* **DIRECTIONS FOR THIS TASK**
Reproduce all entries below verbatim. Skip the pictures.

* **ENTRIES PROVIDED**
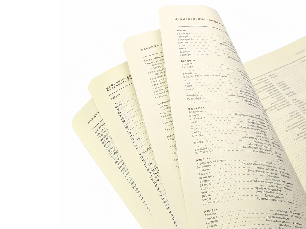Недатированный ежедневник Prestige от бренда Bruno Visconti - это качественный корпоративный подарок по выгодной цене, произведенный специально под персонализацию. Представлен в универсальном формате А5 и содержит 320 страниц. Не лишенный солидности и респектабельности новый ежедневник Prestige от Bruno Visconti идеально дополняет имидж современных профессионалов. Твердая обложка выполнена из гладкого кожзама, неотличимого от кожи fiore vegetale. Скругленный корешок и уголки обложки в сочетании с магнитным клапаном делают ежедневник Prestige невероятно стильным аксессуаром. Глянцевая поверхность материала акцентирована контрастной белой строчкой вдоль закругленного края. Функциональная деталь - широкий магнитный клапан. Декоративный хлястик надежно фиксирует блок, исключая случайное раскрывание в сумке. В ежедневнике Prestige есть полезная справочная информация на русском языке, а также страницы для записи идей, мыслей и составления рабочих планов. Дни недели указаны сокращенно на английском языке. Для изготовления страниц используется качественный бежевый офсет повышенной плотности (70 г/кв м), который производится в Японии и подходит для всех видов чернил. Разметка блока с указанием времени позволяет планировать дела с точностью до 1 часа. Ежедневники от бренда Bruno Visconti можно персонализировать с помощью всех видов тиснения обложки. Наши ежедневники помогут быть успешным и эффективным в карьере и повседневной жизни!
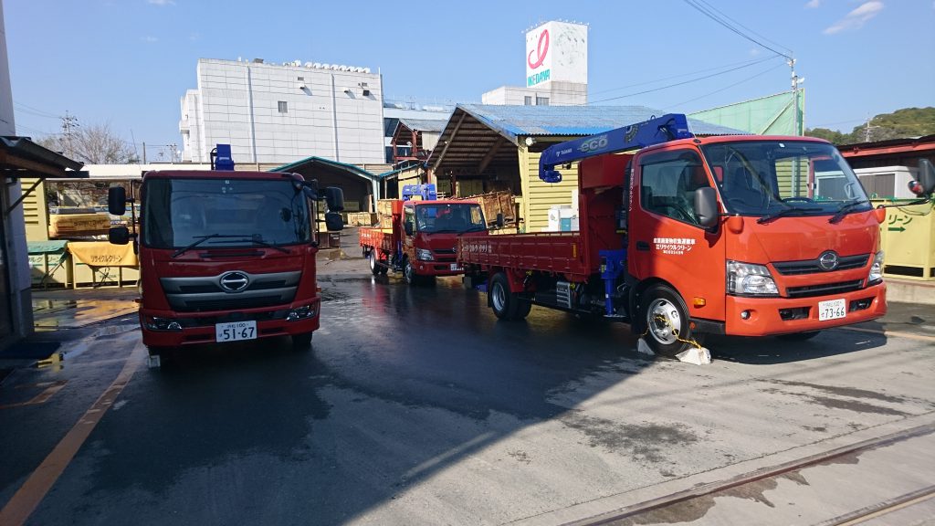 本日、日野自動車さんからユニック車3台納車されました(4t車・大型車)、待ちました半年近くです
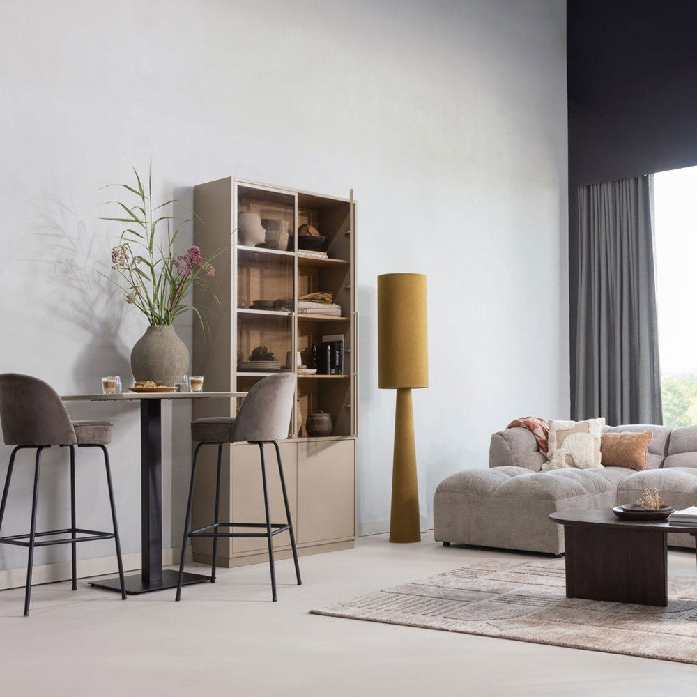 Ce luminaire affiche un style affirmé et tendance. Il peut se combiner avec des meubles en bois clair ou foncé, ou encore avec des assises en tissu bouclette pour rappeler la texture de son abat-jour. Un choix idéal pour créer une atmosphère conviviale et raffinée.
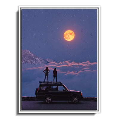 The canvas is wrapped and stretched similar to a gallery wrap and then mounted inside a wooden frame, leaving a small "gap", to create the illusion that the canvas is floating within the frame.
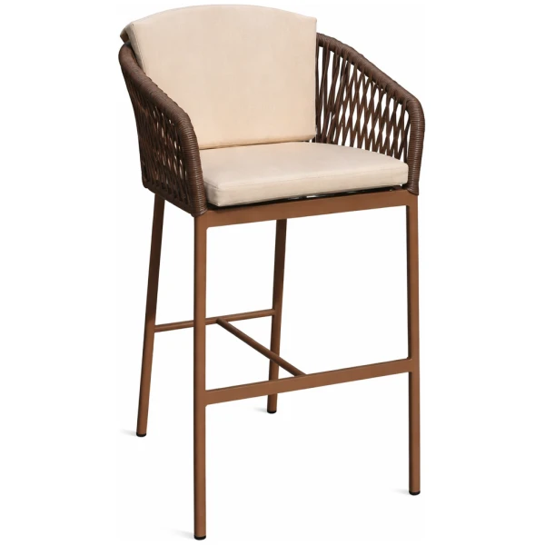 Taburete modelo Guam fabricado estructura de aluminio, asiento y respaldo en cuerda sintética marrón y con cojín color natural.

* **RESPONSE TO THE EXERCISE**
Недатированный ежедневник Prestige от бренда Bruno Visconti - это качественный корпоративный подарок по выгодной цене, произведенный специально под персонализацию. Представлен в универсальном формате А5 и содержит 320 страниц. Не лишенный солидности и респектабельности новый ежедневник Prestige от Bruno Visconti идеально дополняет имидж современных профессионалов. Твердая обложка выполнена из гладкого кожзама, неотличимого от кожи fiore vegetale. Скругленный корешок и уголки обложки в сочетании с магнитным клапаном делают ежедневник Prestige невероятно стильным аксессуаром. Глянцевая поверхность материала акцентирована контрастной белой строчкой вдоль закругленного края. Функциональная деталь - широкий магнитный клапан. Декоративный хлястик надежно фиксирует блок, исключая случайное раскрывание в сумке. В ежедневнике Prestige есть полезная справочная информация на русском языке, а также страницы для записи идей, мыслей и составления рабочих планов. Дни недели указаны сокращенно на английском языке. Для изготовления страниц используется качественный бежевый офсет повышенной плотности (70 г/кв м), который производится в Японии и подходит для всех видов чернил. Разметка блока с указанием времени позволяет планировать дела с точностью до 1 часа. Ежедневники от бренда Bruno Visconti можно персонализировать с помощью всех видов тиснения обложки. Наши ежедневники помогут быть успешным и эффективным в карьере и повседневной жизни!
 本日、日野自動車さんからユニック車3台納車されました(4t車・大型車)、待ちました半年近くです
 Ce luminaire affiche un style affirmé et tendance. Il peut se combiner avec des meubles en bois clair ou foncé, ou encore avec des assises en tissu bouclette pour rappeler la texture de son abat-jour. Un choix idéal pour créer une atmosphère conviviale et raffinée.
 The canvas is wrapped and stretched similar to a gallery wrap and then mounted inside a wooden frame, leaving a small "gap", to create the illusion that the canvas is floating within the frame.
 Taburete modelo Guam fabricado estructura de aluminio, asiento y respaldo en cuerda sintética marrón y con cojín color natural.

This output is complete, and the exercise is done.